TRY IT → What is needed is the full listing written out exactly, minus the pictures.

RECORDED DATA →
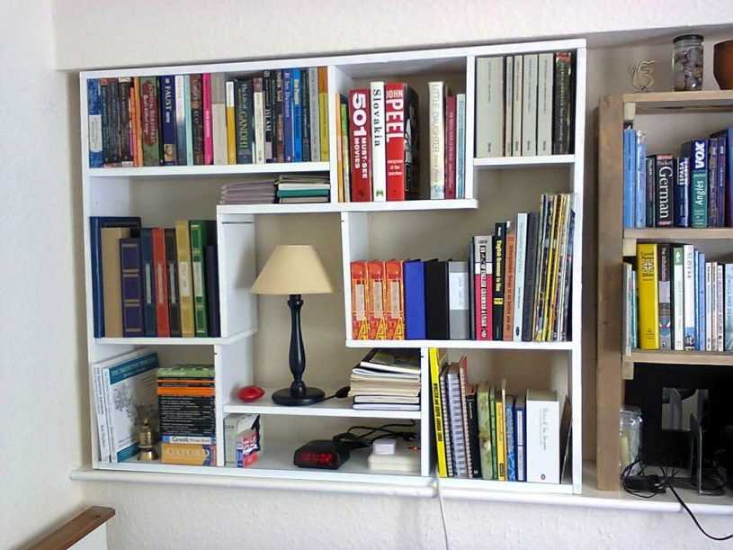 - варианты с наклонными полками для размещения книг, журналов, коллекционных изданий;
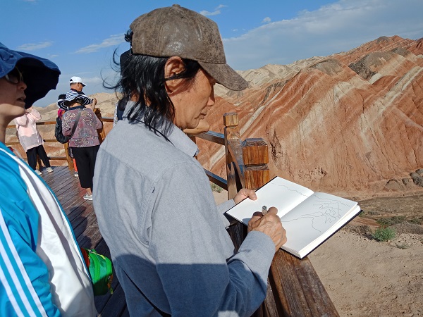 为响应“一带一路”倡议,感知西域文化魅力,用艺术赞美宣传“一带一路”风情,6月14日-19日,省侨联华侨书画院组织部分书画家赴古丝绸之路重要黄金路段和枢纽地带——甘肃,开展“一带一路”采风写生活动。采风团由省侨联副秘书长袁雯带队,省侨联华侨书画院院长朱道平,执行常务副院长章文熙,常务理事陆越子、吴勇、孙韵等13人参加活动。
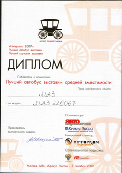 Подведены итоги конкурса на лучший грузовик и автобус выставки "Интеравто-2007", которая проходила в Москве с 29 августа по 4 сентября.

SOLUTION FOR THIS PROBLEM →
 - варианты с наклонными полками для размещения книг, журналов, коллекционных изданий;
 为响应“一带一路”倡议,感知西域文化魅力,用艺术赞美宣传“一带一路”风情,6月14日-19日,省侨联华侨书画院组织部分书画家赴古丝绸之路重要黄金路段和枢纽地带——甘肃,开展“一带一路”采风写生活动。采风团由省侨联副秘书长袁雯带队,省侨联华侨书画院院长朱道平,执行常务副院长章文熙,常务理事陆越子、吴勇、孙韵等13人参加活动。
 Подведены итоги конкурса на лучший грузовик и автобус выставки "Интеравто-2007", которая проходила в Москве с 29 августа по 4 сентября.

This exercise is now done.